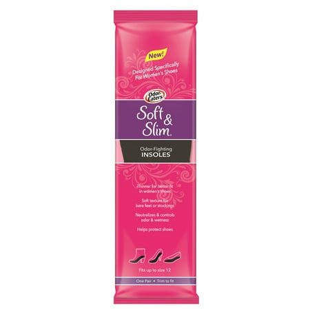 Odor Eaters Soft & Slim insole is specifically designed for Women s shoes. These odor-fighting insoles are thinner for better fit and designed to have a soft texture for bare feet or stockings. Soft & Slim insoles neutralizes and controls odor and wetness while helping protect shoes. These thin soft-touch insoles fit discreetly into any shoe style and are comfortable to wear with or without socks. Fits up to size 12. Each package contains 1 pair (2 insoles) that are able to be trimmed to fit your shoe size and shape.
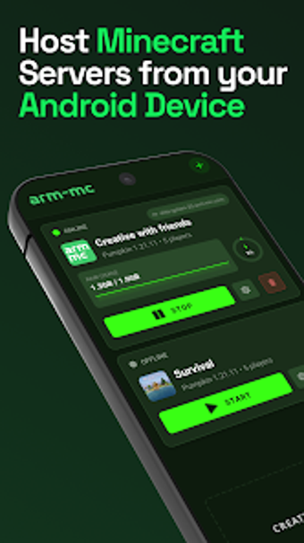 该应用程序支持在移动设备上无缝托管服务器,使用户能够在移动中轻松创建和管理多人游戏会话。凭借完整的 RCON 支持,玩家可以轻松管理服务器设置,踢出或禁止用户,并调整游戏规则。目前处于公共 Alpha 阶段,ARM-MC 非常适合创造模式和迷你游戏,正在开发更高级的功能。该应用程序是一个独立工具,与 Mojang AB 或 Microsoft 没有任何关联。
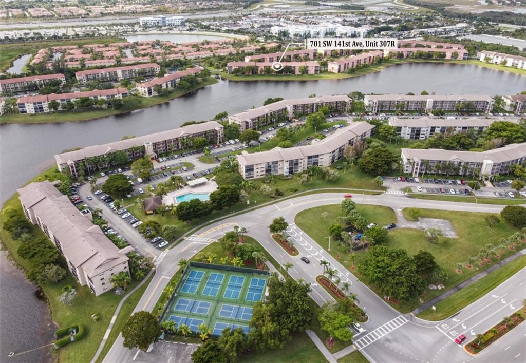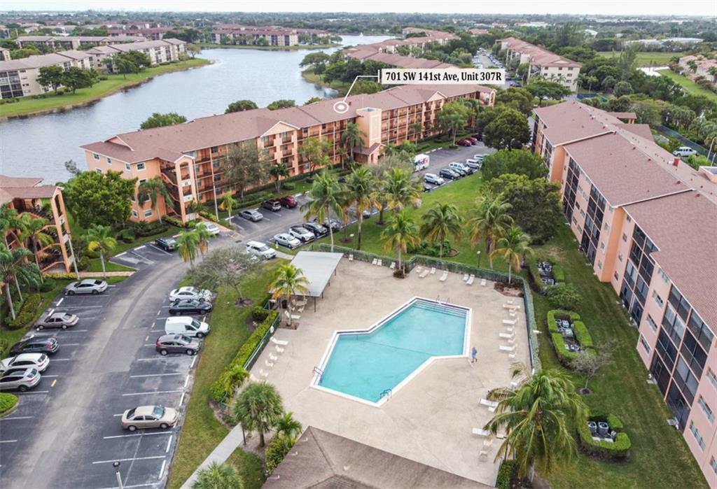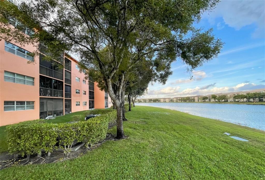 Perfectly placed Century Village home with gorgeous lake views! Offering easy access to the community pool, health club, and clubhouse and only steps from the elevator this third central location has it all. The light and bright interior features updated laminate wood flooring that perfectly complements any decor and makes daily cleanup a breeze. Enjoy serene lake views from your screened balcony offering the ideal outdoor expansion to the living room.
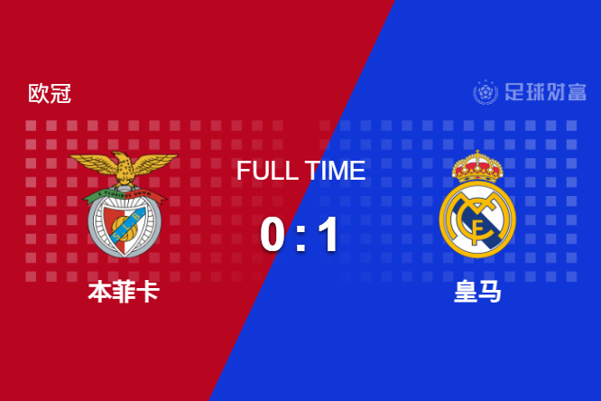 最终全场比赛结束,皇马客场1-0战胜本菲卡。
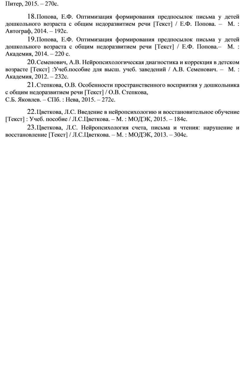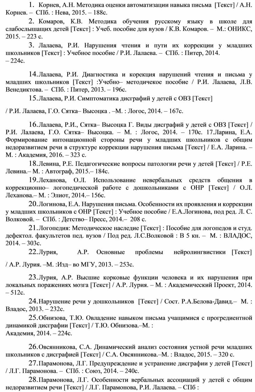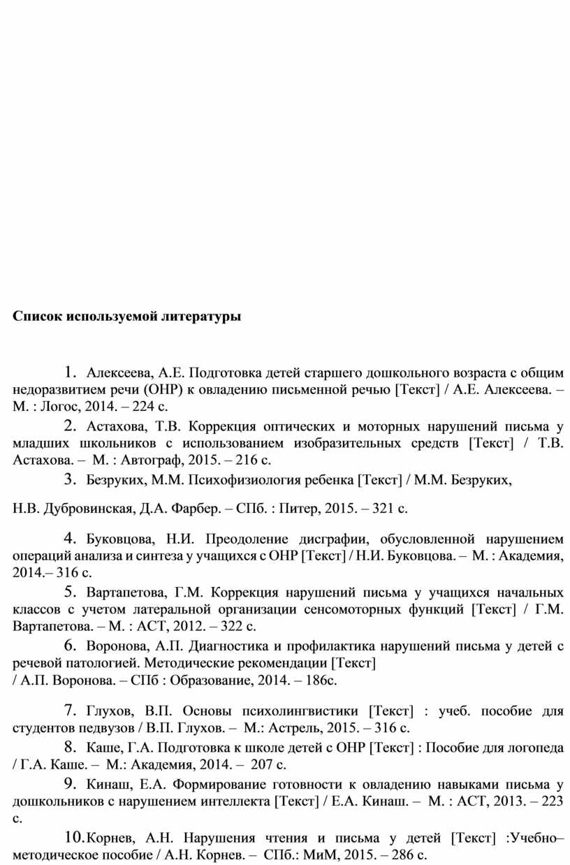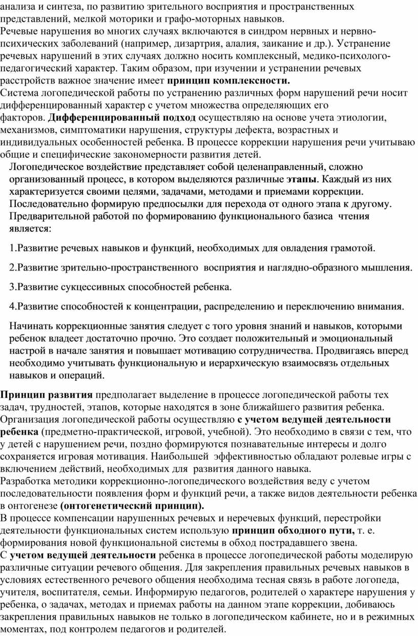 Г.А. Каше, Р.И. Лалаева, P.E. Левина, Е.А. Логинова, А.Р. Лурия, Л.Г. Парамонова, И.В. Прищепова, Г.В. Чиркина, Л.С. Цветкова, образование дети получат, если у них будет сформированы навыки письма и чтения, потому, что чтение– это комплексный универсальный психологический и физиологический процесс.

■ ■ ■ ■ ■

§ **Task details**
Pictures aside, reproduce exactly the lines from the one containing "或 Microsoft 没有任何关联。" to the end of the listing above, both ends included.

§ **Worked solution**
 该应用程序支持在移动设备上无缝托管服务器,使用户能够在移动中轻松创建和管理多人游戏会话。凭借完整的 RCON 支持,玩家可以轻松管理服务器设置,踢出或禁止用户,并调整游戏规则。目前处于公共 Alpha 阶段,ARM-MC 非常适合创造模式和迷你游戏,正在开发更高级的功能。该应用程序是一个独立工具,与 Mojang AB 或 Microsoft 没有任何关联。
 Perfectly placed Century Village home with gorgeous lake views! Offering easy access to the community pool, health club, and clubhouse and only steps from the elevator this third central location has it all. The light and bright interior features updated laminate wood flooring that perfectly complements any decor and makes daily cleanup a breeze. Enjoy serene lake views from your screened balcony offering the ideal outdoor expansion to the living room.
 最终全场比赛结束,皇马客场1-0战胜本菲卡。
 Г.А. Каше, Р.И. Лалаева, P.E. Левина, Е.А. Логинова, А.Р. Лурия, Л.Г. Парамонова, И.В. Прищепова, Г.В. Чиркина, Л.С. Цветкова, образование дети получат, если у них будет сформированы навыки письма и чтения, потому, что чтение– это комплексный универсальный психологический и физиологический процесс.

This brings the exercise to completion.